Eastern Washington Fieldhouse
- Full name: Eastern Washington Fieldhouse
- Location: Cheney, Washington
- Owner: Eastern Washington State College
- Operator: Eastern Washington State College
- Capacity: 5,000

Construction
- Opened: 1949
- Demolished: 1977

Tenant
- Eastern Washington Eagles men's basketball (1949–1975)

= Eastern Washington Fieldhouse =

Multi-purpose arena in Cheney, Washington

Eastern Washington Fieldhouse was a 5,000-seat multi-purpose arena in Cheney, Washington. It was home to the Eastern Washington State College (EWSC) Eagles basketball team until the Reese Court opened in 1975. The facility was destroyed by fire on April 25, 1977.

==Building history==
The fieldhouse was moved to EWSC in 1947 and opened in 1948. The building had been located 70 miles away at Farragut Naval Training Station in Bayview, Idaho, where it had been used for drill. At EWSC the 800 foot long building was home to a gymnasium and swimming pool.

==Demolition==
In the fall of 1976 the building was condemned for life safety code violations.
EWSC contracted with George Kelp Building Wrecking Company of Spokane for the building's demolition.
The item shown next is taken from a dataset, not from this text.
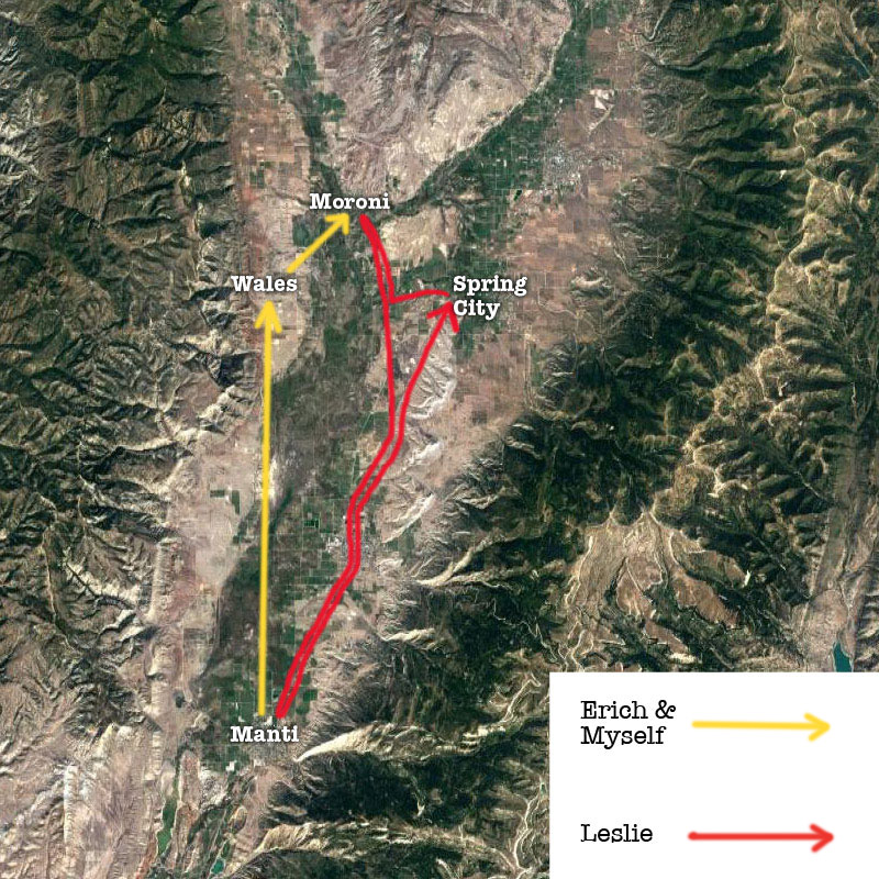 We once again knocked on Cindy’s parents’ door and asked to use their phone. Erich called Dawn, she wasn’t there but her mother, Leslie, was. Erich asked if she could come and get us instead and eventually, she agreed to give us a ride. It only meant that she would have to drive North from Spring City to Moroni, then South to Manti, then North once more to get home in Spring City. No big deal. It wasn’t like she had been asleep because she had to be up early the next morning or anything. All was well.

Old bolts in the building's roof construction could not be removed without cutting them out, and therefore a welder's torch was used.

==The fire==
At 11:10 am, the Cheney fire department got the call that the Fieldhouse was on fire. Twice before, small fires had been accidentally started by the demolition team. But this fire was different. The fire was started when a spark from a welder's torch found fuel in a pile of the building's dismantled material. With more than half the roof already removed, a "wind tunnel" effect was created as the fire pulled in the oxygen it needed to quickly grow. By 11:12 am, the fire chief was on the scene and sounded a mutual aid alarm. More than 30 firefighters from around the district responded. Within 10 minutes, the entire Fieldhouse was engulfed in flames. The blaze was so hot that reportedly cars parked almost 100 feet away were "scorched." A Cheney fire truck was even damaged by the heat. The firefighters, realizing the building was a complete loss, focused on containment and protecting the surrounding buildings. The fire wasn't under control until 2:00 pm. But winds in the area required crews to remain on scene an additional 12 hours.
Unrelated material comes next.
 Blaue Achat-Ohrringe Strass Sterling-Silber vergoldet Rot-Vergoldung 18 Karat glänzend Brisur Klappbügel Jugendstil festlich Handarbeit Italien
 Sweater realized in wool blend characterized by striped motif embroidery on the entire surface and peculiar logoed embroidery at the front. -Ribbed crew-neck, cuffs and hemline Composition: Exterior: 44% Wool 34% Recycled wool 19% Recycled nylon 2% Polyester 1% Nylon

In addition to the regular firefighters, there were many students involved. There were 2 fire hoses between the fieldhouse and the ROTC building that were used by the students. Their primary responsibility was protecting the ROTC building. At times they had to turn the hoses up into the eaves of the ROTC building's roof as fires had started there due to the heat. Other groups of students were using garden hoses to wet down those who were on the fire hoses. The heat between the buildings was quite high. Without the cooling from the garden hoses, the students on the fire hoses would not have been able to stay in there as they did not have firefighter's turnouts for protection.

==The aftermath of the fire==
The Cheney Fire Department Chief Tony Singleton estimated that fire damage to the department's equipment exceeded $6,000. Total damage figures for the ROTC building came out at over $25,000 according to Singleton. The ROTC building's roof was so badly damaged that classes had to be held in another building for nearly a year. Sixteen firemen were treated for smoke inhalation and one fireman was treated for a cut on his hand. According to Singleton the toll of the fire could have been more serious than it turned out to be. Lt. Gene Bloom almost lost his life due to a falling roof shortly after responding to the fire.

Eastern Washington State College sought reimbursement for the $70 million worth of damages to the campus facilities.